Whether any vendor adopts product-level CVE assignment for the harness class. The upstream-library-CVE gap is the structural mechanic that makes “a CVE exists” unhelpful. Whether competitive or regulatory pressure pushes any coding-agent vendor to assign CVEs against the installed product for sandbox/allowlist defects — rather than against an upstream library — is the open governance question. No vendor has publicly committed to this for the sandbox class as of late May 2026.
Whether the “prompt injection is out of scope” disposition holds. OpenAI, Cursor, and AWS have each, in different words, classified a prompt-injection-or-sandbox-config finding as expected behavior or out of scope. Whether that disposition survives the first publicly-attributed production breach traced to one of these unpatched findings is unresolved; the incentive to reclassify will change sharply if an exploit lands in the wild.
The relationship between transparency and apparent defect density. OpenClaw’s high CVE count versus Claude Code’s near-empty product-CVE ledger illustrates that public vulnerability counts conflate transparency and security. Whether the market learns to read CVE count as a transparency signal — or continues to reward silent-patching with a cleaner-looking record — is an open question about procurement sophistication, and reporting that disentangles the two for buyers remains thin.

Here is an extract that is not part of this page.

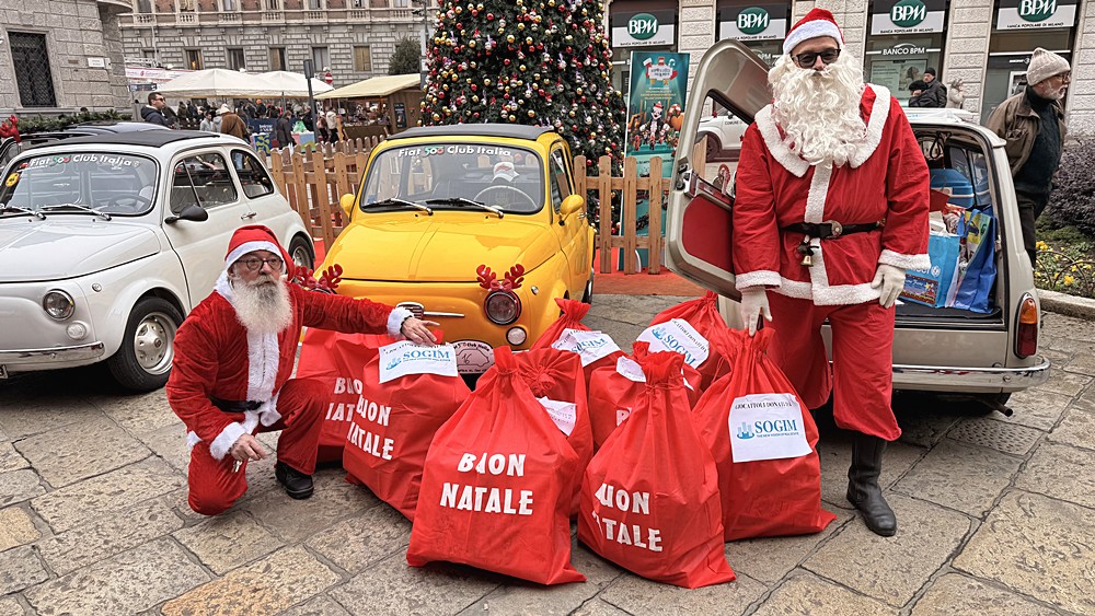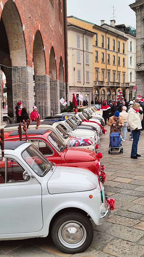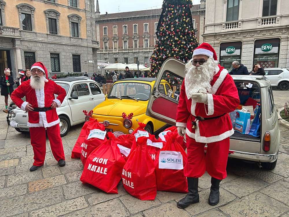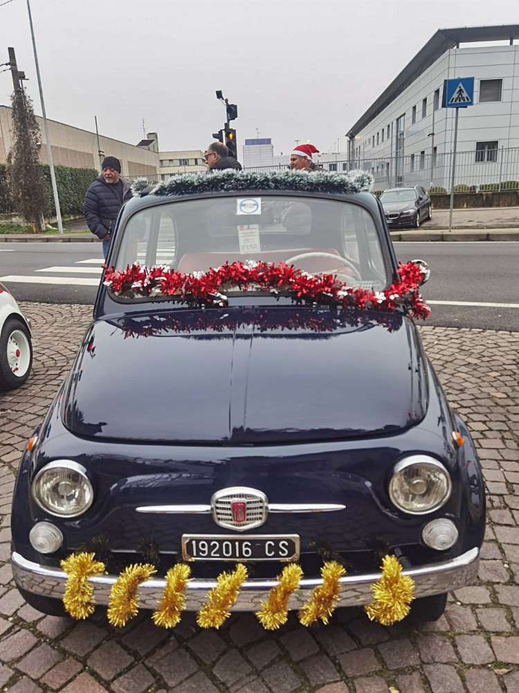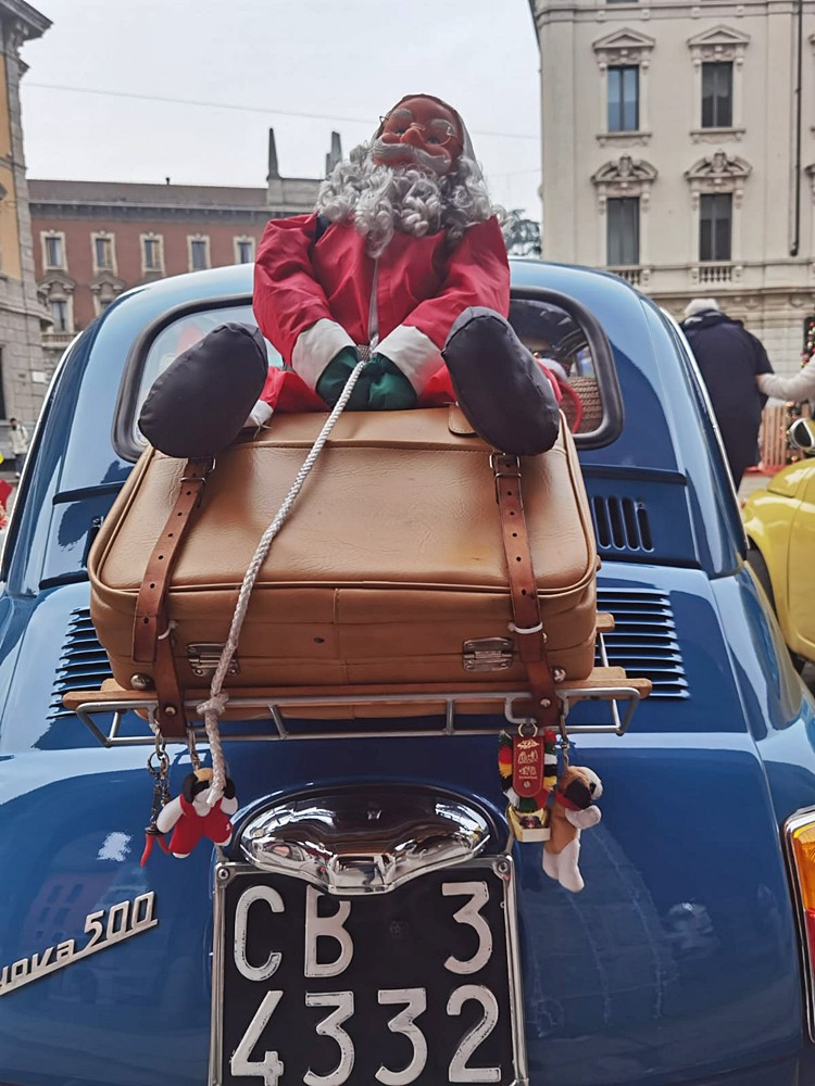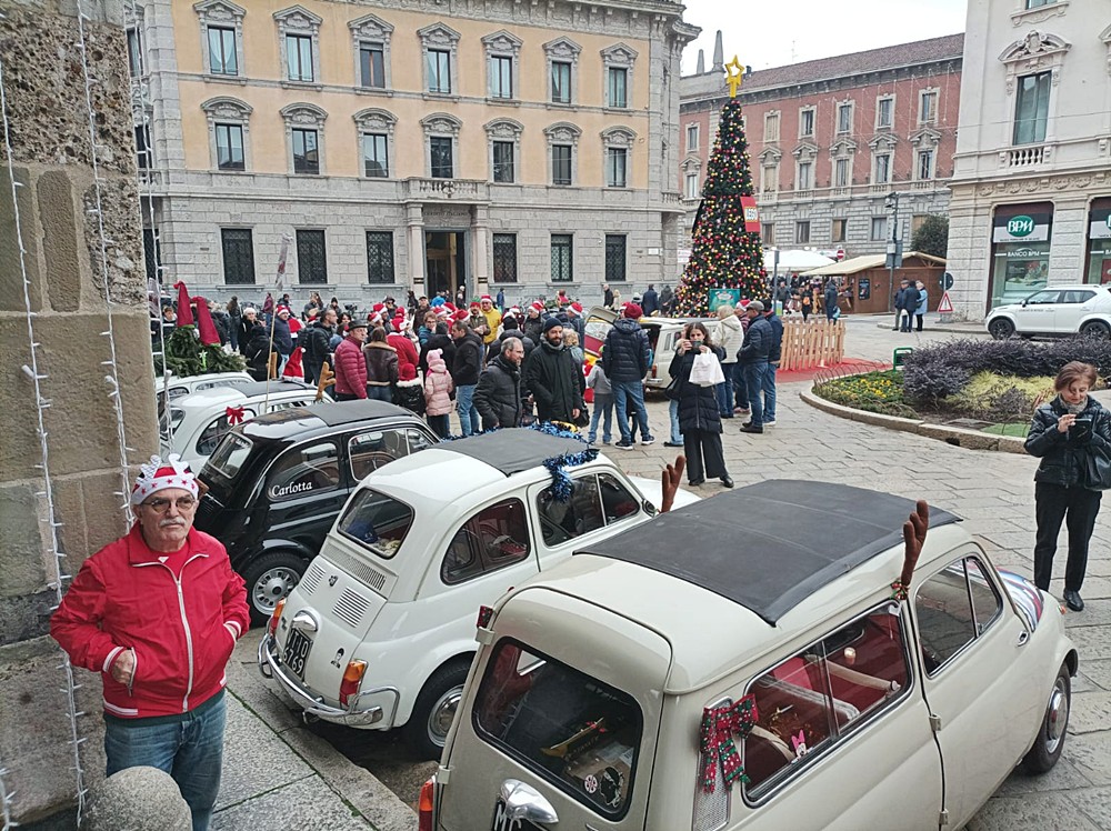 Sono le 9 circa e siamo pronti a ricevere i primi cinquecentisti, mentre un altro gruppo di 15 equipaggi prima di arrivare in piazza si รจ recato al Centro Mamma Rita di Monza dove li attendevano il fiduciario di Monza Antonio Orsini e Suor Antonia; sono stati accolti con un caffรจ mentre i nostri Babbi Natale scaricavano sotto il loro albero alcuni regali, giocattoli, libri e generi alimentari per cercare di dare un piccolo aiuto a questa importante comunitร .

Vendor patch cadence on the dismissed findings. Several Cymulate-reported findings (Gemini CLI filesystem isolation, Codex CLI config poisoning, the Windows binary-hijacking class across products) remained unpatched at the time of reporting. Whether and when these get addressed — and whether any disclosure accompanies the fix — is the direct follow-up worth tracking through 2026-H2.
Whether independent-researcher coverage is durable. The watch-list above is load-bearing precisely because vendor advisories are not. That model depends on a small number of researchers and firms continuing to fund this work, much of it for sub-$1,000 bounties. Whether the coverage breadth holds as the number of harnesses and the disclosure-fatigue both grow is an open sustainability question for the practitioner’s primary signal source.